Let’s take a look. Jesus went away to a region in Tyre to get away from everyone. Maybe he’d been walking all day, his feet were dirty and sore, his back was killing him, all he wanted to do was find a comfortable bed and take it easy for a while. While he was imagining the wonderful foot wash and nap he was going to have, a woman approaches him. Not a Jewish woman, but a Gentile woman, a Syrophoenician at that, a woman so very far outside of Jesus' neighborhood. 

 

Now this woman who in her time and place had no right to speak to Jesus asks Jesus to heal her daughter. She must have been desperate. She must have been at the end of her rope. Not unlike the woman who touched Jesus’ cloak, not unlike the woman at the well.
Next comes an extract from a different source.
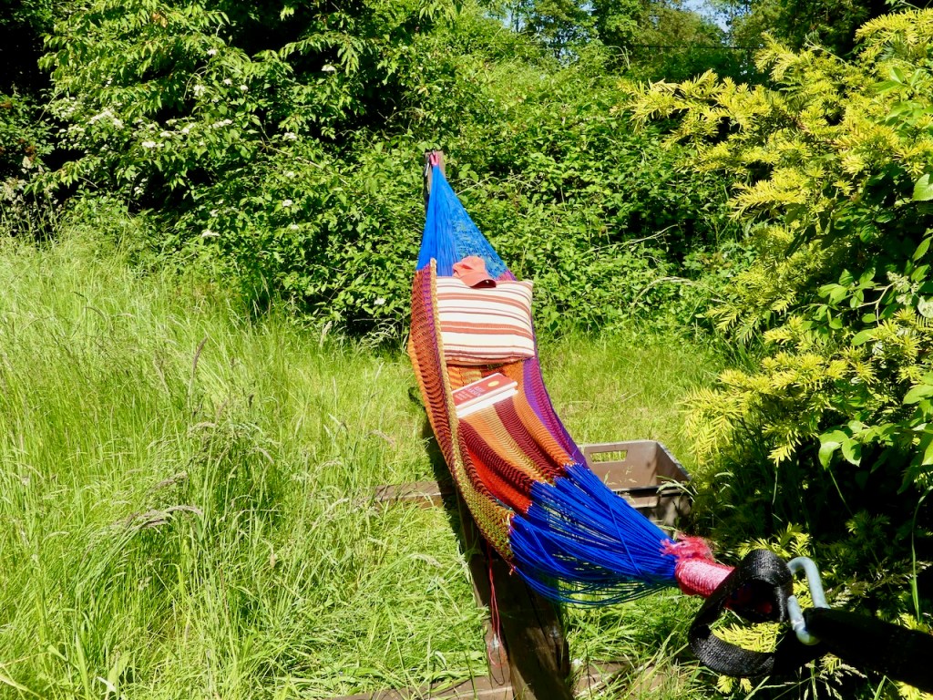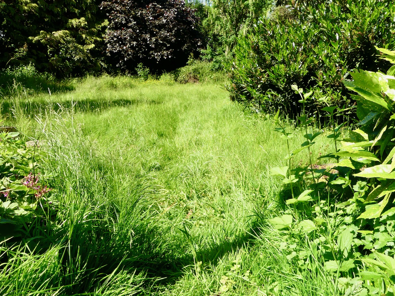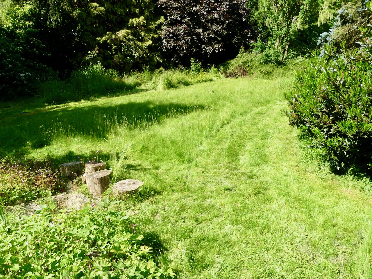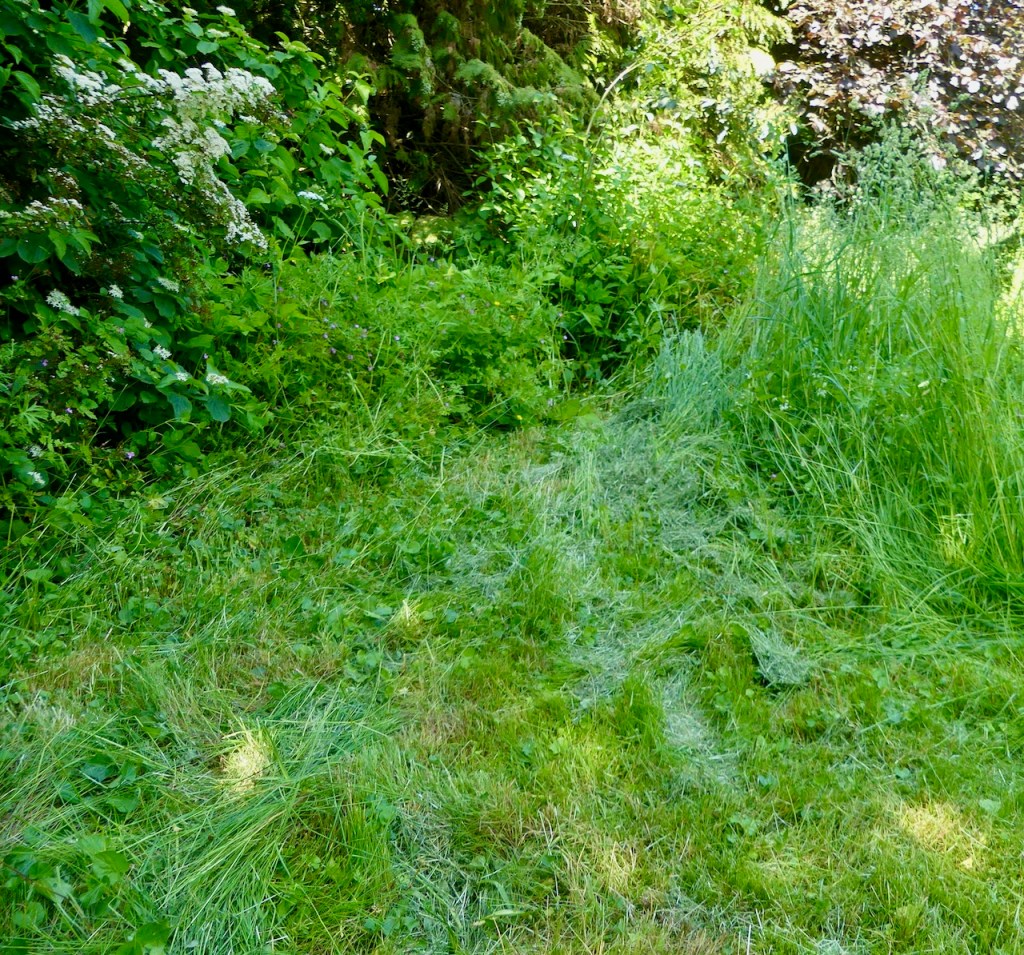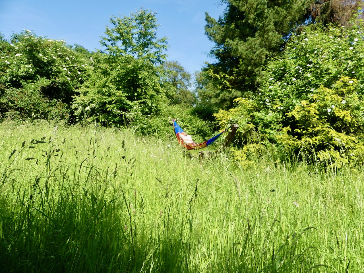 Auf dem Seitenstreifen hingegen und am Rand der Wiese, sind bibohohe, zähe Gräser in die Höhe geschossen. Der Rasenmäher quält sich, das Hängemattengestell ist komplett eingewachsen und teilweise im Boden versunken.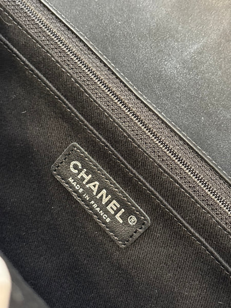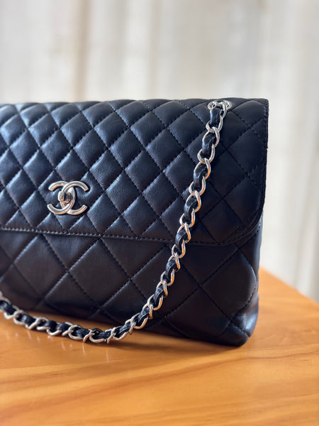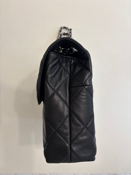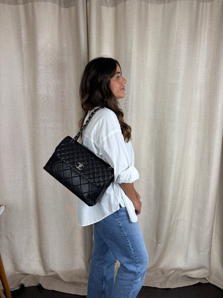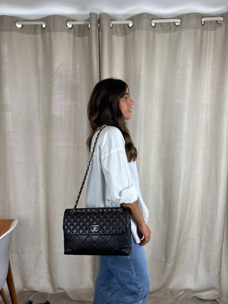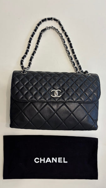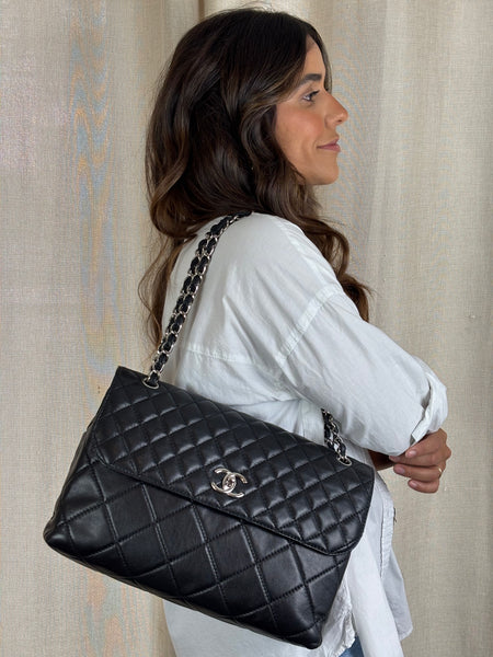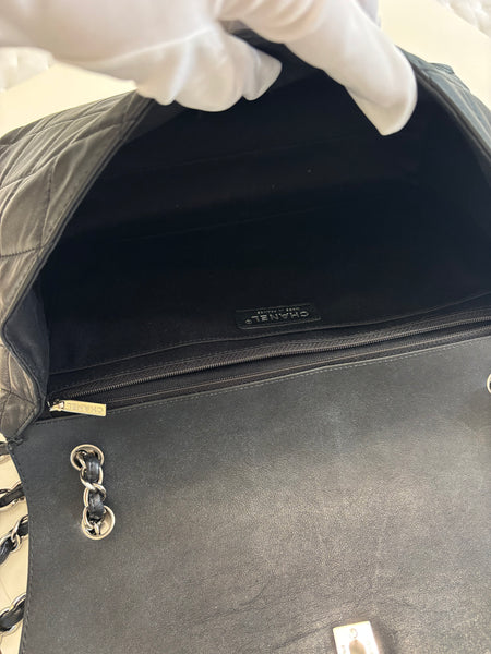 The Chanel Maxi Classic Double Flap Bag in black lambskin with silver hardware is a timeless statement piece, crafted in 2010–2011 with the House’s iconic diamond quilting. Featuring the signature interlocking CC turn-lock, a versatile leather-woven chain strap, and the practical back “Mona Lisa” pocket, it combines elegance with functionality. The spacious Maxi size opens to a double flap with black lining and multiple compartments, making it both a collectible and highly wearable piece.

Women, who just want to be well, to have their children well, who want to be seen. 

 

But Jesus is tired, there’s no excuse for it, and Jesus barks back at her. “Let the children be fed first, for it is not fair to take the children’s food and throw it to the dogs.” The children in this story are the people of Israel, the Jews. She retorts, and reminds him that even the dogs under the table get the children’s bread crumbs. The dogs in this story are the Gentiles. What is astounding in this is that this woman has stood up to Jesus when Jesus is at his very worst, there really is no excuse for his words and behaviors here, and she claims that Jesus’ mission is not only to the Jews but everyone else as well. This is huge, the bread that Jesus breaks is for Jews as well as Gentiles. The boundaries are broken.

 

This woman shows us that Jesus’ boundary breaking mission is for all people. Where the traditions of the elders and the religious law could see only an outcast, Jesus sees the woman’s heart of faith. Jesus heals her child. Jesus does not hold his saving power in reserve but expands the circle of God’s mercy to include those once considered outsiders. Jesus welcomes all who put their faith in him. It is at this very point that Love wins because Love crosses boundaries. Love crosses the walls that we have erected. Love pushes against long held prejudices and practices that keep people apart. When we know better, we do better. 

 

Following Jesus is about breaking down boundaries. Following Jesus is about participating in systems that welcome all God’s beloveds and divesting ourselves of systems that continue to exclude and divide. When you have more than you need, you build a bigger table, not a thicker wall.  

 

Jesus is the bread that feeds us, all of us. God’s reign includes every one of us, there are no boundaries separating Jew from Greek, black from white from indigenous or alien, gay or straight or both or none. When we know better, we go out and do better. We go out and with this Syrophoenician woman we change the systems that keep us divided. We call out the systems that continue to oppress. And we always offer the bread of life to each and every person. Amen.